**WHAT IS BEING ASKED:** Wherever a picture appears in the data below, omit it, and restate everything else word for word.

**MATERIAL PROVIDED:**
━━━━━━━━━━
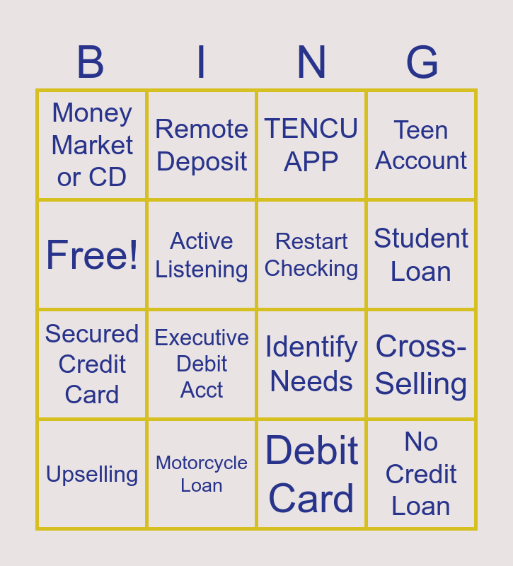 This bingo card has 16 words: Motorcycle Loan, Cross-Selling, TENCU APP, Money Market or CD, Secured Credit Card, Remote Deposit, Identify Needs, Debit Card, Free!, Active Listening, Upselling, Teen Account, Executive Debit Acct, Student Loan, Restart Checking and No Credit Loan.
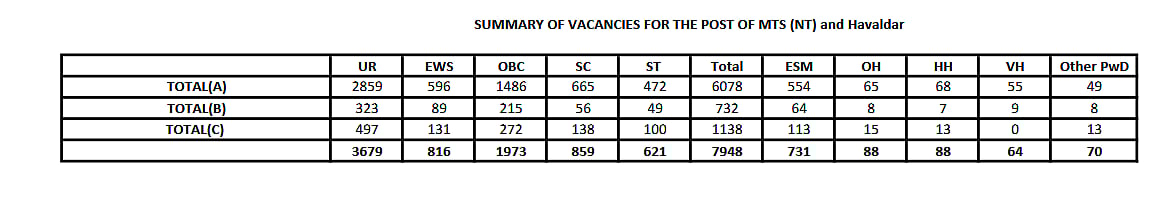 In all, there are 6810 openings for MTS, divided into two categories: 18-27 years and 18-25 years old. The exact number for these two categories is not available as of now, but it will be incorporated in the final notification. Additionally, 1,138 openings are to be filled by Havaldar under the CBIC & CBN cadre.
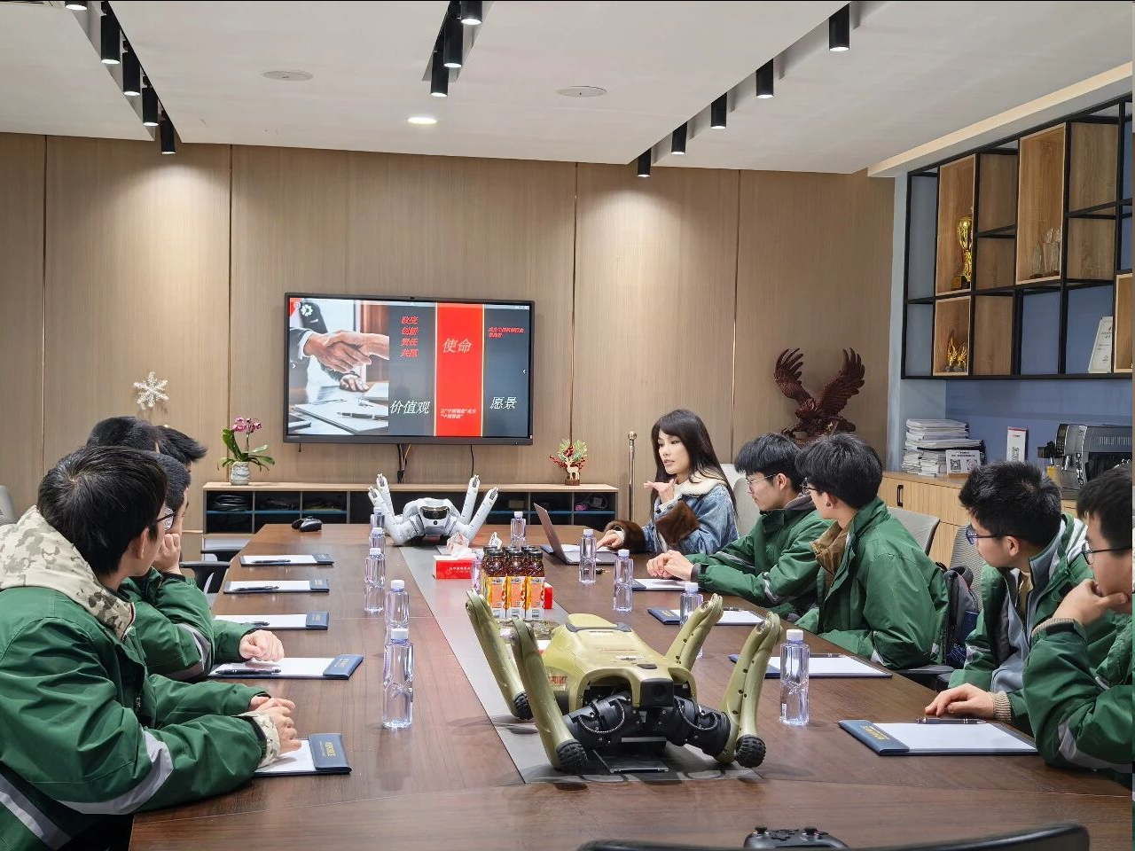参观结束后,大家围坐一堂,聆听企业简介与科技产品应用讲解。我们用通俗有趣的语言,介绍了深耕减速机领域的历程,以及产品在工业自动化、智能装备等领域的广泛应用,让抽象的机械知识变得生动易懂,同学们认真记录、积极提问,求知的眼神里满是对科技的向往。
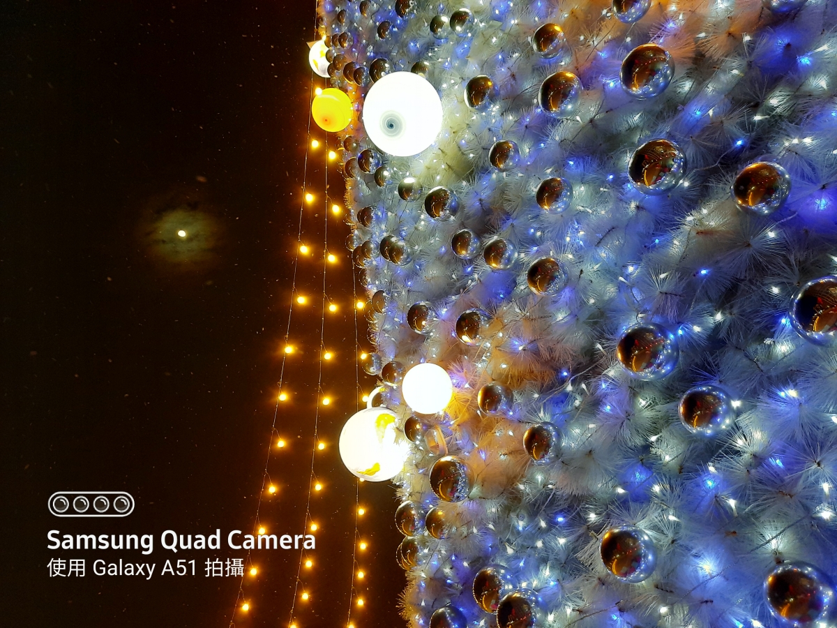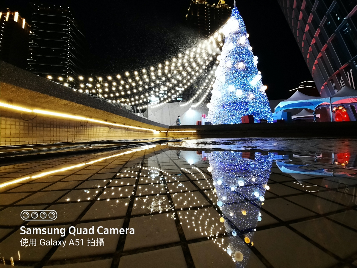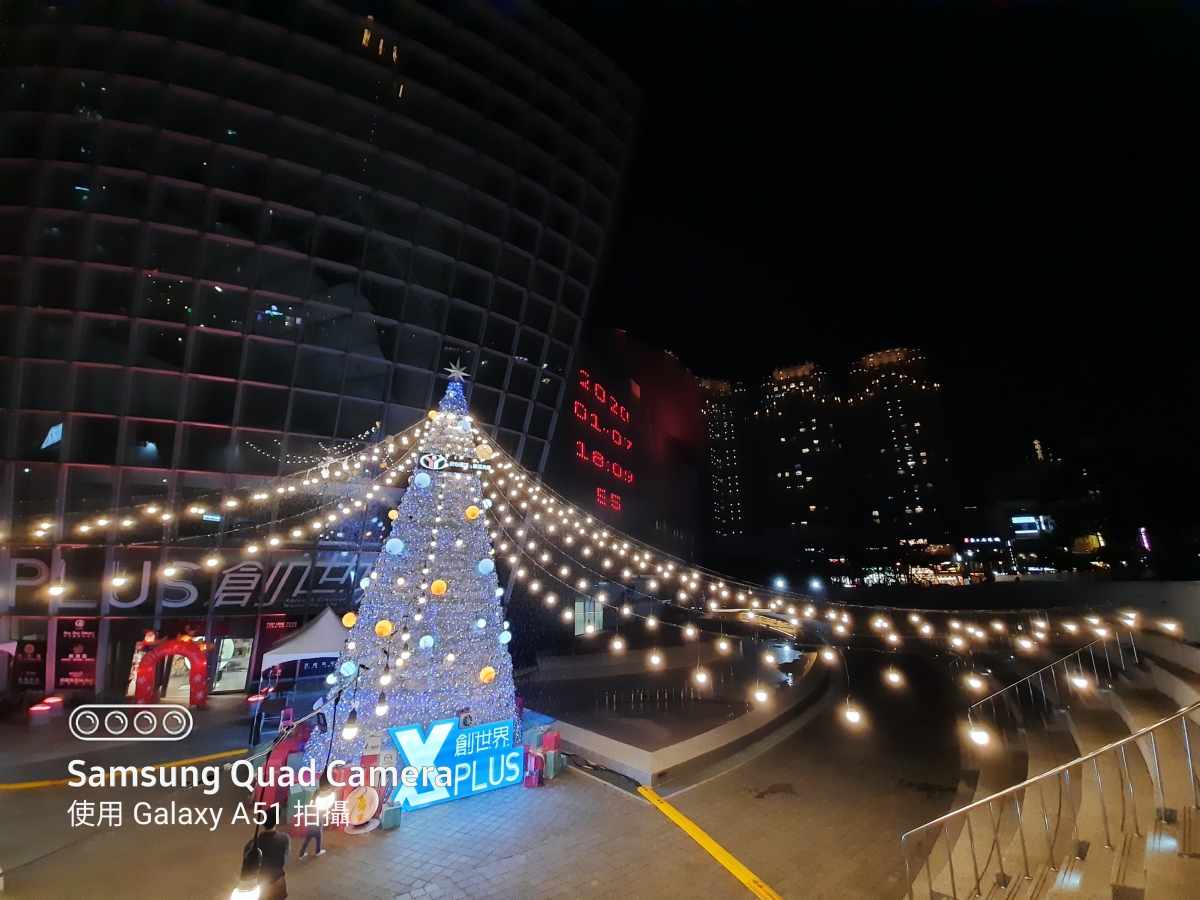 然後再看一下晚上拍攝的,先自動模式給大家看一下主鏡頭的日夜間自動切換,Galaxy A51 的調校真的相當的不錯,因為這畫面裡的樹夜晚其實很暗。
━━━━━━━━━━
**EXERCISE RESPONSE:**
 This bingo card has 16 words: Motorcycle Loan, Cross-Selling, TENCU APP, Money Market or CD, Secured Credit Card, Remote Deposit, Identify Needs, Debit Card, Free!, Active Listening, Upselling, Teen Account, Executive Debit Acct, Student Loan, Restart Checking and No Credit Loan.
 In all, there are 6810 openings for MTS, divided into two categories: 18-27 years and 18-25 years old. The exact number for these two categories is not available as of now, but it will be incorporated in the final notification. Additionally, 1,138 openings are to be filled by Havaldar under the CBIC & CBN cadre.
参观结束后,大家围坐一堂,聆听企业简介与科技产品应用讲解。我们用通俗有趣的语言,介绍了深耕减速机领域的历程,以及产品在工业自动化、智能装备等领域的广泛应用,让抽象的机械知识变得生动易懂,同学们认真记录、积极提问,求知的眼神里满是对科技的向往。
 然後再看一下晚上拍攝的,先自動模式給大家看一下主鏡頭的日夜間自動切換,Galaxy A51 的調校真的相當的不錯,因為這畫面裡的樹夜晚其實很暗。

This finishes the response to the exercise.